- Skopje police raid: Part of the 2001 insurgency in Macedonia
| Date | 7 August 2001 |
| Location | Skopje, Macedonia |
| Result | Macedonian victory |

Belligerents
- Macedonian police: National Liberation Army

Commanders and leaders
- Ljube Boškoski: Lefter Koxhaj †

Units involved
- Special police unit "Tigers": Skanderbeg special unit

Strength
- 200+ policemen: Unknown

Casualties and losses
- None: 5 killed

= 2001 Skopje police raid =

Macedonian police operation

During the 2001 insurgency in Macedonia, a raid was conducted by the Macedonian police against ethnic Albanian rebels in a suburb of Skopje on 7 August. The police killed the rebel group and captured their weapon supplies.

==Raid==
The Macedonian special police unit "Tigers" performed a raid on 7 August 2001, in the Skopje suburb of Čair around 4:00 a.m. (UTC+2). Five rebels were killed by the police in the raid. National Liberation Army (NLA) commander Lefter Koxhaj, also known as Commander Teli, was among those killed. According to the Macedonian interior minister Ljube Boškovski, the Macedonian police acted on information that NLA rebels were planning an attack on the capital and that they would attack from the nearby village of Aračinovo, the site of the Aračinovo crisis a month prior, after which they were evacuated by NATO forces. During the fighting in Aračinovo, the rebels claimed they would attack the capital city of Skopje, including the airport and oil refinery and that they had infiltrated cells ready to attack.

Per Boškovski, the police tried to arrest the rebels, encountered "strong armed resistance" and returned fire. He reported that 30 people were arrested in the police operation. The Macedonian police found a large quantity of weapons, including 6 assault rifles, 5 grenade launchers, 400 rounds of ammunition, 5 pistols, 3 grenades and combat uniforms. During the operation, four suspects were taken to the Gazi Baba police station for interrogation on suspicion of being members of the NLA.

==Aftermath==

On the following day, an investigator of the Human Rights Watch who was on the scene, Peter Bouckaert, said there was no evidence of "strong armed resistance" and that the men were lying down when they were shot. According to a report in The Washington Post: "The house looked more like the scene of a summary execution. A reporter saw no signs that the victims had fired a shot at the raiders. Windows were closed, and no bullet holes nicked the walls or ceiling.
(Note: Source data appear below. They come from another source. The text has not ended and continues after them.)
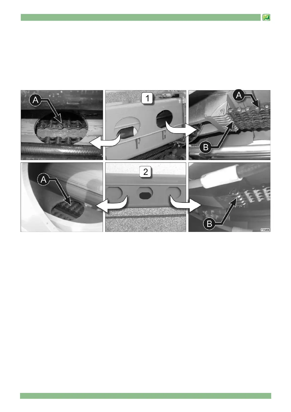 To check the integrity and the state of wear of chains "A", as well as their correct fitting on combs "B", extend the telescopic
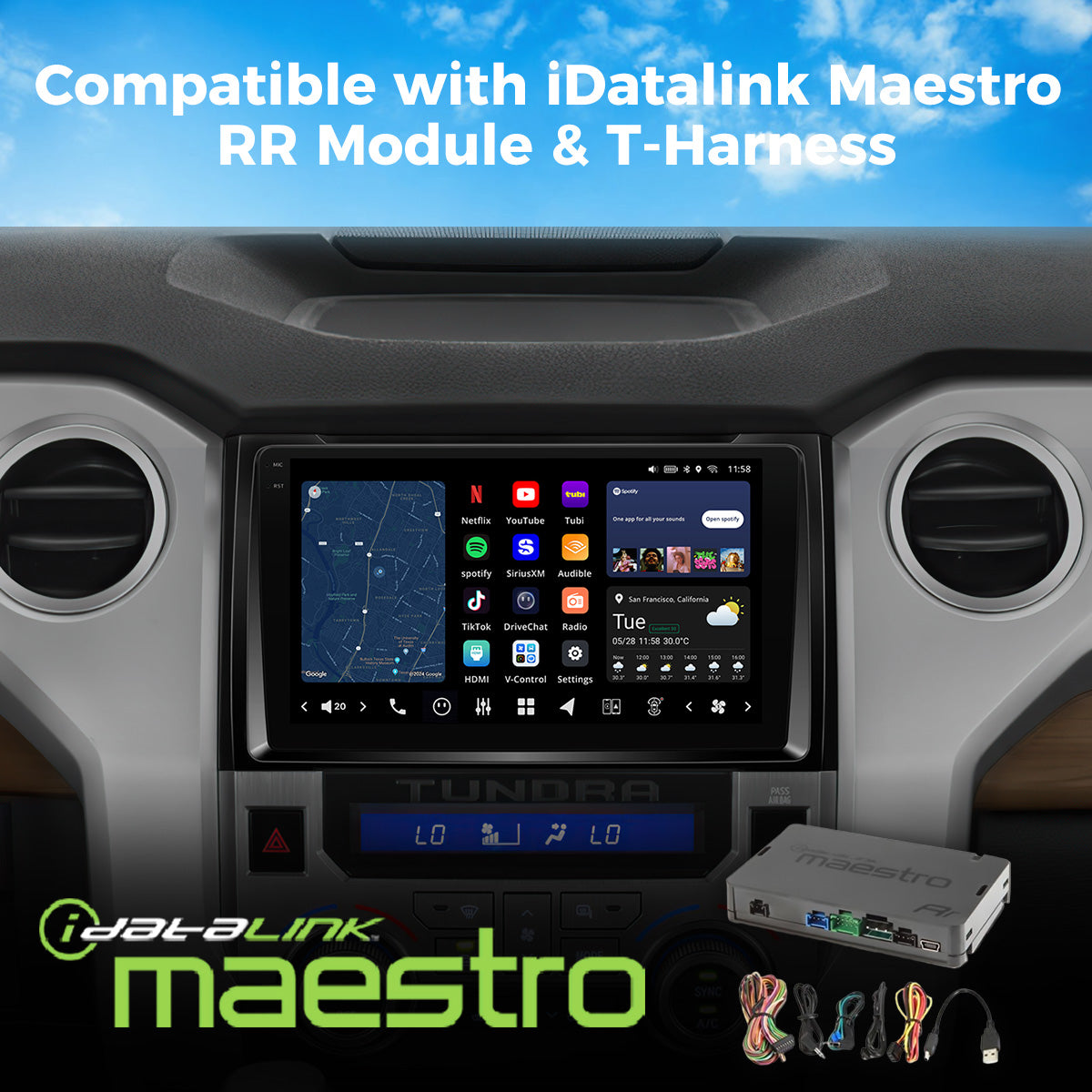 - To retain your vehicle’s factory features, the iDatalink Maestro RR interface and a vehicle-specific T-harness are required (purchased separately).
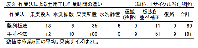 天日干しに要する1サイクルの作業時間は、手並べ法が191秒であったのに対し、整列板法では89秒に短縮され、作業能率が高い。また、ハウス内の作業となる「板抜き・並べ補正」は手並べ法で51秒であったのに対し、整列板法では11秒に大幅短縮され、夏季の高温条件下では負荷軽減につながる(表3)。 |
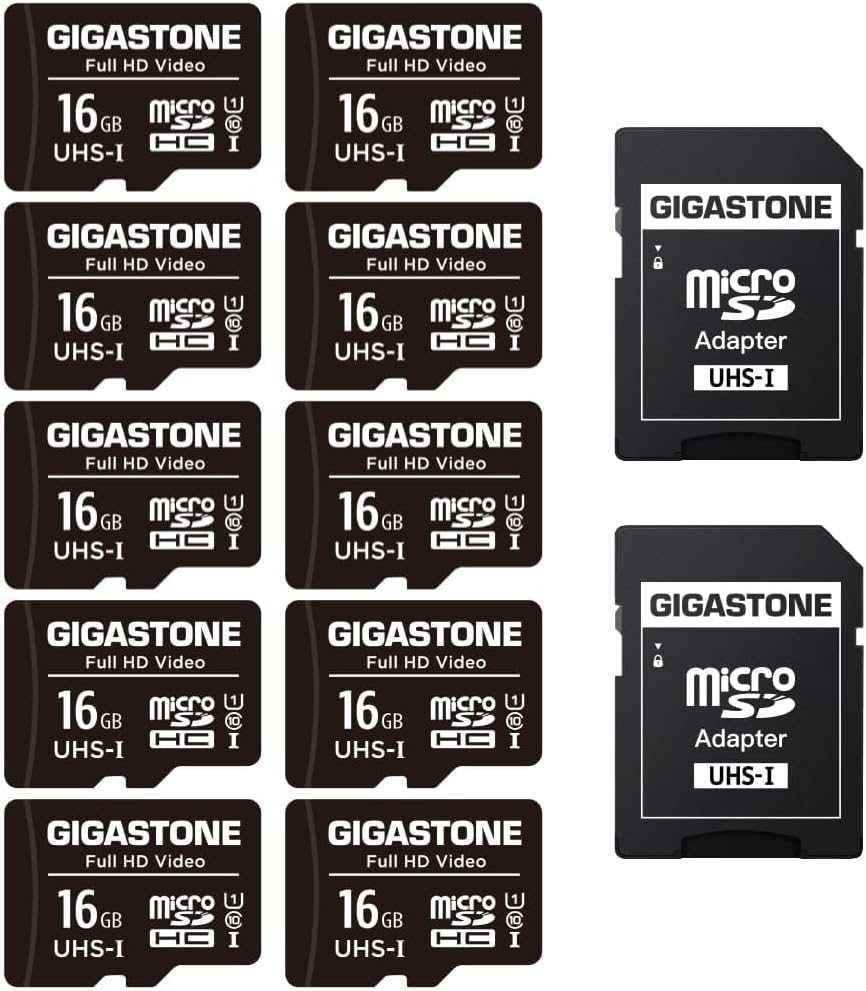GIGASTONE 32GB MicroSDHC карти памет, пакет от 10 + SD адаптер за екшън камера, GoPro, дрон и таблет, скорост на четене до 90MB/s, Full HD видеозапис, Micro SD карта UHS-I клас 10 U1
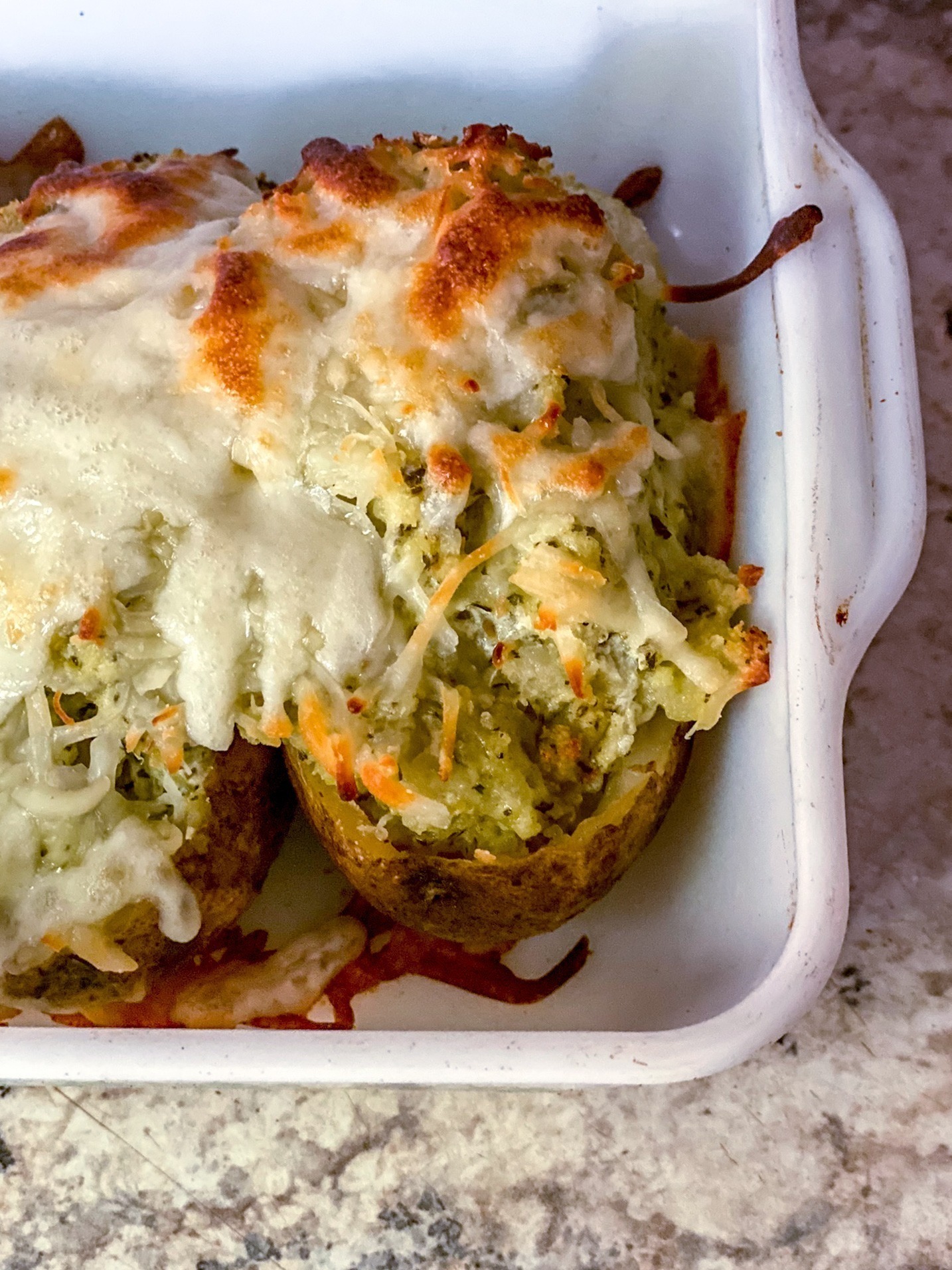 Frezing these pesto twice-baked potatoes is a cinch! Once they’re stuffed, I wrap them tightly in aluminum foil and store them a few at a time in a large resealable ziplock bag.

The front door had not been forced open." The Albanian-language news media reported the killing as a premeditated execution, describing the scene in detail. The broadcasting of Albanian-language news on Macedonian Radio Television was interrupted for 23 days. Two suspects who were detained were released. Another suspect was kept in custody but later released in December 2001 following a presidential amnesty for members of the NLA. One suspect went missing.

Ethnic Albanian politicians acknowledged the police raid and the deaths but refused to comment. Members of the NLA and ethnic Albanians claimed the men were civilians. On 8 August, the NLA attacked a Macedonian army convoy near Tetovo in what would become known as Karpalak ambush, supposedly as retaliation for the five Albanians killed by the police during the raid.